__Goal of the exercise__. Your task is to transcribe the lines from the start of the data below through the line containing "Este apartamento studio", inclusive, exactly as they stand and without the pictures.

Dataset entries
################

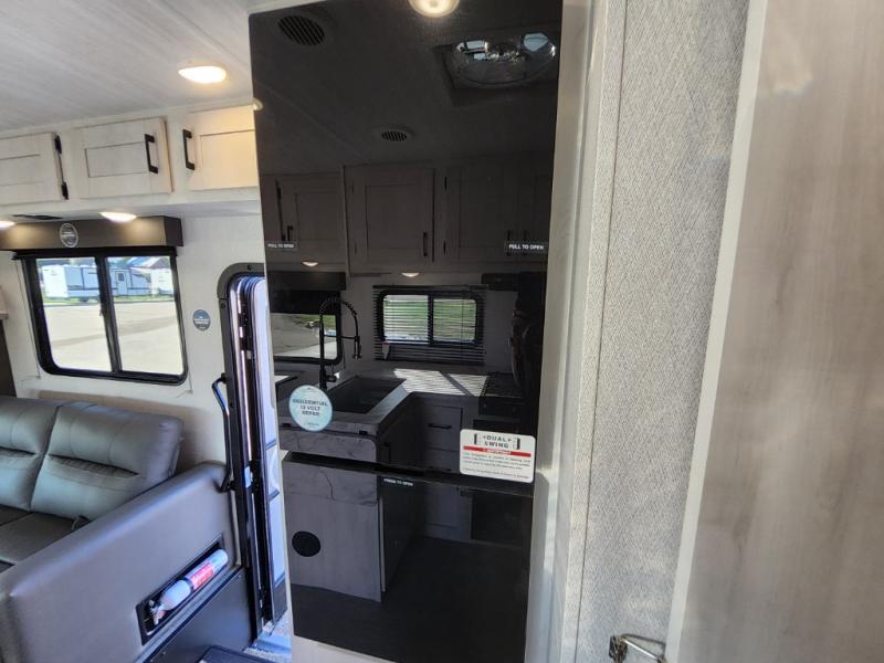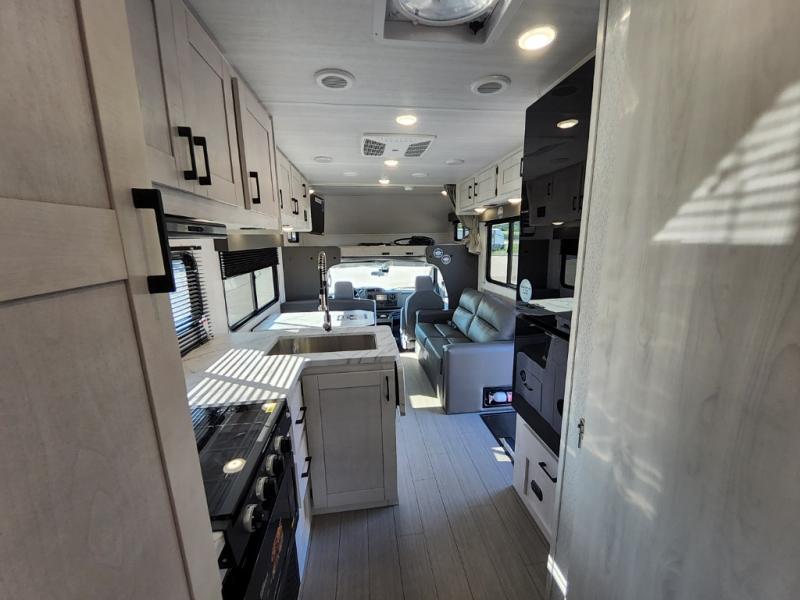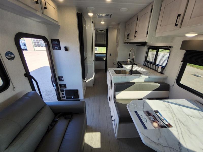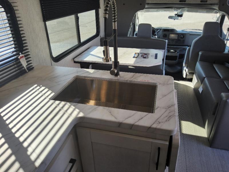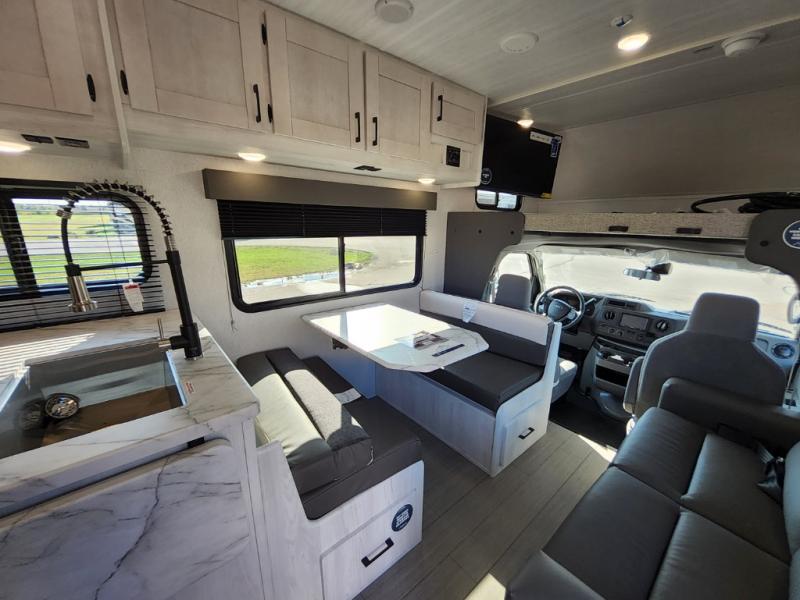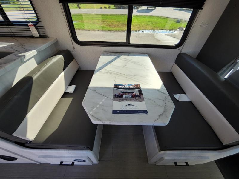 With any Entrada Class C gas motorhome from EAST TO WEST, the construction consists of an automotive painted fiberglass front cap, a Dicor DiFlex ll TPO roof membrane, and Azdel composite sidewalls for added durability. Some of the Entrada value package features include 12V tank heaters to camp during the cooler months, the Winegard Air 360+, plus backup and sideview cameras with a monitor for safety on and off the road. The interior offers a 7-foot interior height for a spacious feel, and 12V USB charge ports will keep your electronics powered up. Choose an Entrada for its tasteful design, attention to detail, bright interior and affordable price-point!
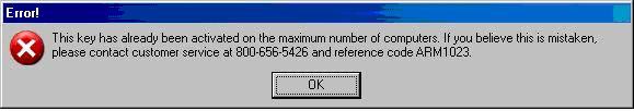 You will need a manual activation. If you have previously activated GEAR and are re-installing using your original serial number, you may receive a error message similar to this:
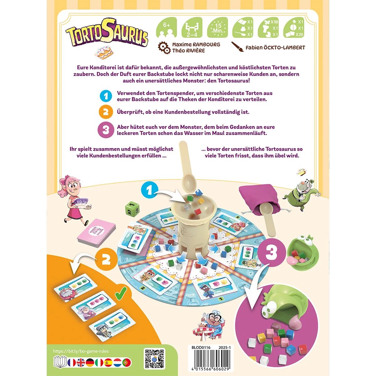 Im kooperativen Kinderspiel Tortosaurus versucht ihr gemeinsam, eure köstlichen Torten an die Kunden zu bringen, bevor der gefräßige Tortosaurus sie verschlingt.
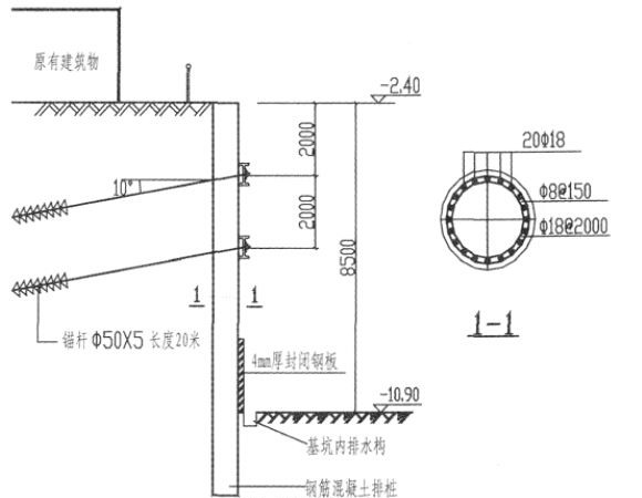 排桩可采用钻孔灌注桩、人工挖孔桩、预制钢筋混凝土板桩和钢板桩等。桩的排列方式通常有柱列式、连续式和组合式。排桩支护结构除受力桩外,有时还包括冠梁、腰梁和桩间护壁构造等构件,必要时还可设置一道或多道支撑或锚杆。排桩支护结构适合于开挖深度在6~10m的基坑。
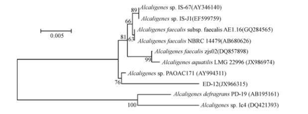 經(jīng)測序,獲得片段長度為1463 bp的部分16S rRNA基因序列,GenBank登錄號為JX966315. 在NCBI數(shù)據(jù)庫的比對結(jié)果表明,該菌株與Alicaligenes sp.的相似性達(dá)98%以上,推測其為Alicaligenes sp. 選擇序列相關(guān)性較高的76個16S rRNA序列,用Cluxtal X序列分析軟件分析其與ED-12的序列同源可靠性,選9個可信度較高的序列用MEGA 4.0軟件通過N-J法構(gòu)建系統(tǒng)發(fā)育樹,確定ED-12的進(jìn)化地位,結(jié)果如圖 1所示.
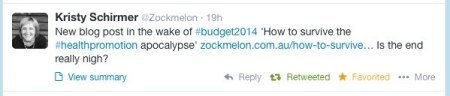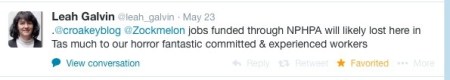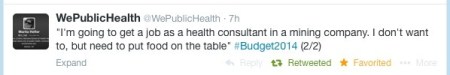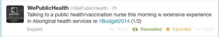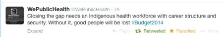 Meanwhile, Marita Hefler, who is guest tweeting for @WePublicHealth this week from Darwin, is also tracking the impact of the Budget upon the public health workforce…
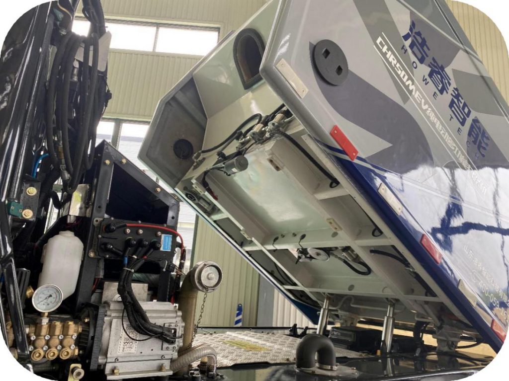 高压水系统以多功能清扫模式下分为两个功能具有箱内自清洗功能和高压喷枪功能。
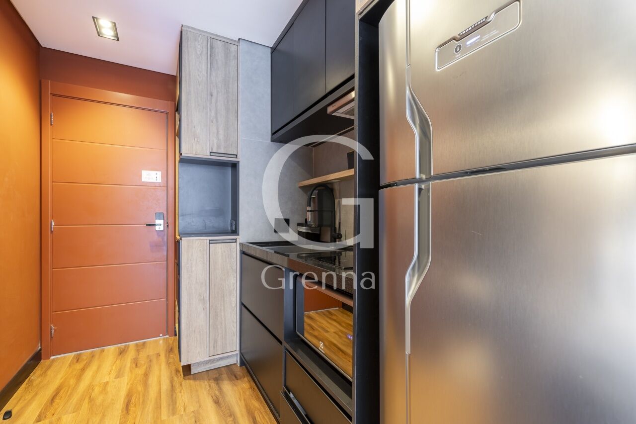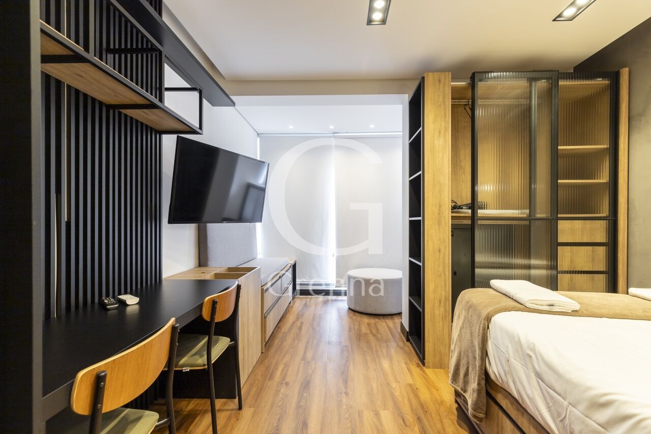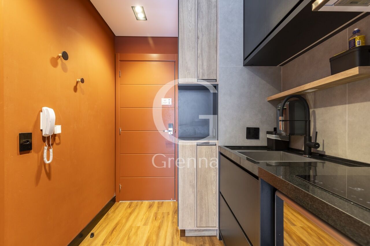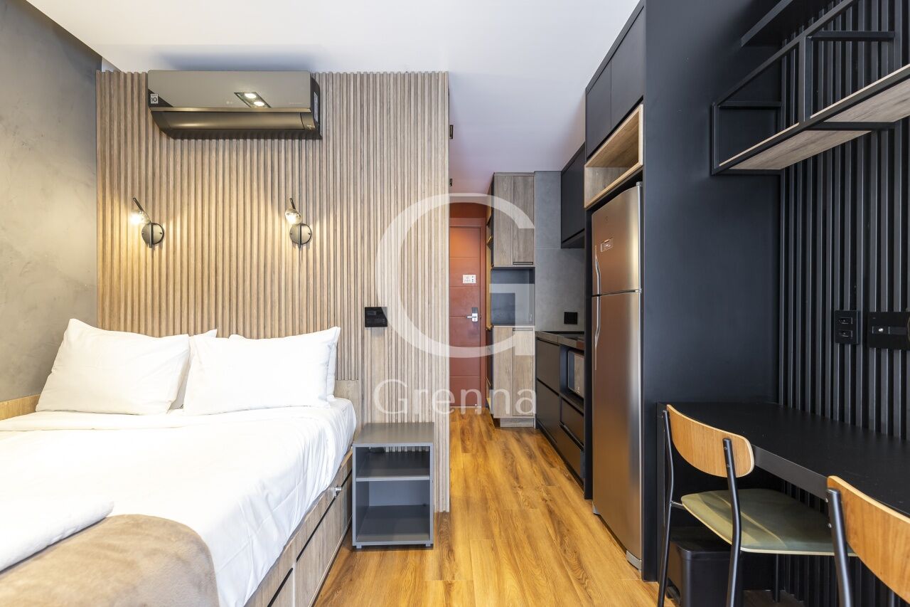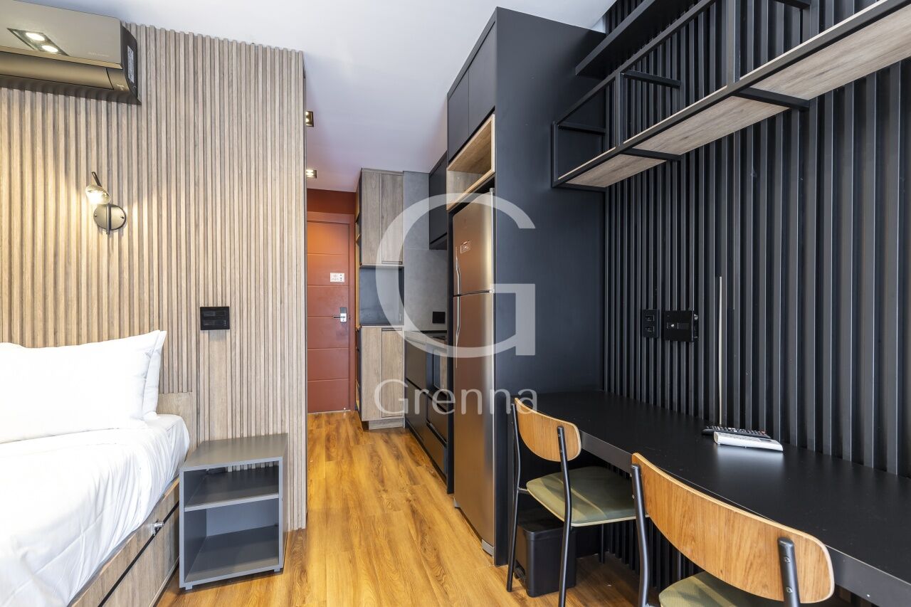 Este apartamento studio conta com 01 dormitório integrado com a cozinha americana, varanda fechada com vidro transformada em sala de estar e 01 banheiro.
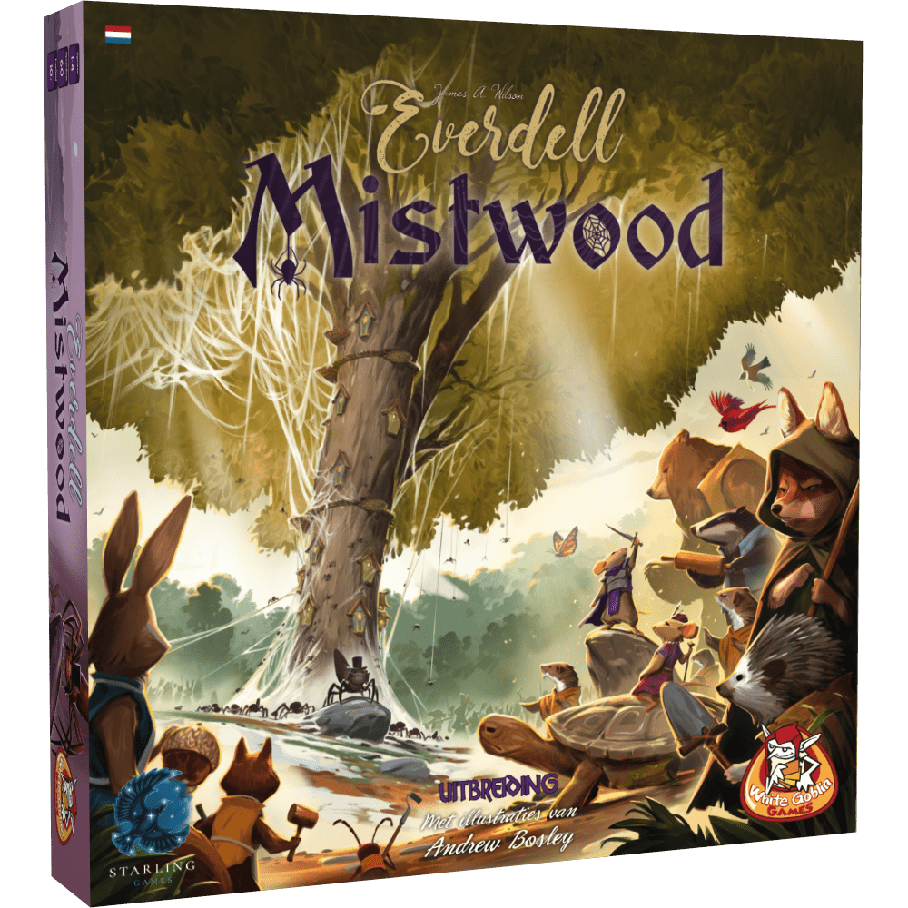 Mistwood is een uitbreiding voor Everdell. Je kunt het spelmateriaal van Mistwood toevoegen aan het basisspel van Everdell en eventuele andere uitbreidingen. Ook bevat Mistwood een uitdagende variant voor zowel solo-spelers als 2 spelers: Nightweaves schuilplaats.
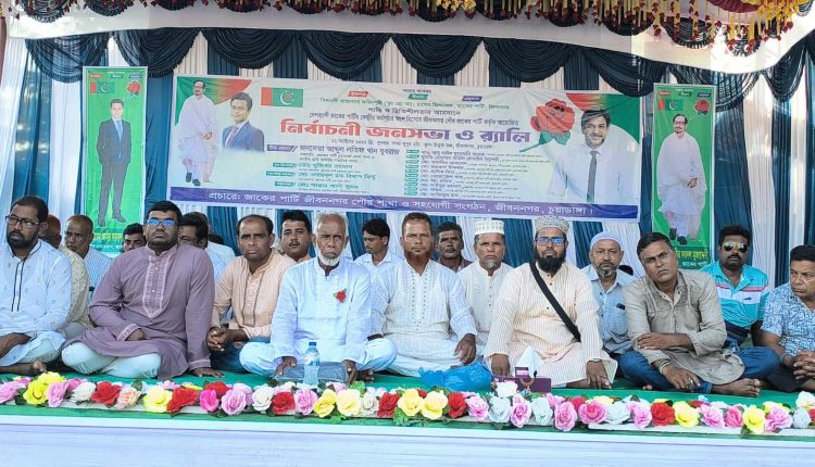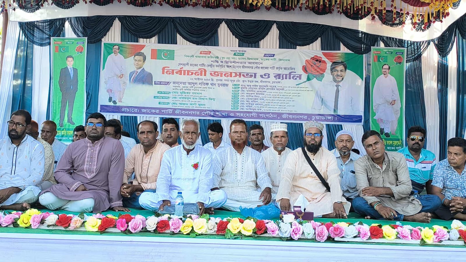 জাকের পার্টির জেলা সহ সভাপতি ওবায়দুল হক বিশ্বাস ফিন্টুর সভাপতিত্বে ও উপজেলা সাধারণ সম্পাদক আক্কাস আলী সুজনের সঞ্চালনায় অনুষ্ঠিত জনসভায় বক্তব্য রাখেন টিম প্রধান জাকের পার্টির চুয়াডাঙ্গার সভাপতি আব্দুল লতিফ খান যুবরাজ। বিশেষ অতিথির বক্তব্য রাখেন জেলা জাকের পার্টির সাধারণ সম্পাদক মুজিবর রহমান, আবু সাঈদ মুহাদ্দিসি, কামাল হোসেন আশেকী, তাফসির আহমেদ, নজরুল ইসলাম, হালিম মিয়া, তোয়াক্কেল খান ,আব্দুল মজিদ, সাইদুর রহমান, শহীদ, আজিজুল হক সহ জাকের পার্টির কর্মীবৃন্দরা।

################

__Output of the task__.
 With any Entrada Class C gas motorhome from EAST TO WEST, the construction consists of an automotive painted fiberglass front cap, a Dicor DiFlex ll TPO roof membrane, and Azdel composite sidewalls for added durability. Some of the Entrada value package features include 12V tank heaters to camp during the cooler months, the Winegard Air 360+, plus backup and sideview cameras with a monitor for safety on and off the road. The interior offers a 7-foot interior height for a spacious feel, and 12V USB charge ports will keep your electronics powered up. Choose an Entrada for its tasteful design, attention to detail, bright interior and affordable price-point!
 You will need a manual activation. If you have previously activated GEAR and are re-installing using your original serial number, you may receive a error message similar to this:
 Im kooperativen Kinderspiel Tortosaurus versucht ihr gemeinsam, eure köstlichen Torten an die Kunden zu bringen, bevor der gefräßige Tortosaurus sie verschlingt.
 排桩可采用钻孔灌注桩、人工挖孔桩、预制钢筋混凝土板桩和钢板桩等。桩的排列方式通常有柱列式、连续式和组合式。排桩支护结构除受力桩外,有时还包括冠梁、腰梁和桩间护壁构造等构件,必要时还可设置一道或多道支撑或锚杆。排桩支护结构适合于开挖深度在6~10m的基坑。
 經(jīng)測序,獲得片段長度為1463 bp的部分16S rRNA基因序列,GenBank登錄號為JX966315. 在NCBI數(shù)據(jù)庫的比對結(jié)果表明,該菌株與Alicaligenes sp.的相似性達(dá)98%以上,推測其為Alicaligenes sp. 選擇序列相關(guān)性較高的76個16S rRNA序列,用Cluxtal X序列分析軟件分析其與ED-12的序列同源可靠性,選9個可信度較高的序列用MEGA 4.0軟件通過N-J法構(gòu)建系統(tǒng)發(fā)育樹,確定ED-12的進(jìn)化地位,結(jié)果如圖 1所示.
 Meanwhile, Marita Hefler, who is guest tweeting for @WePublicHealth this week from Darwin, is also tracking the impact of the Budget upon the public health workforce…
 高压水系统以多功能清扫模式下分为两个功能具有箱内自清洗功能和高压喷枪功能。
 Este apartamento studio conta com 01 dormitório integrado com a cozinha americana, varanda fechada com vidro transformada em sala de estar e 01 banheiro.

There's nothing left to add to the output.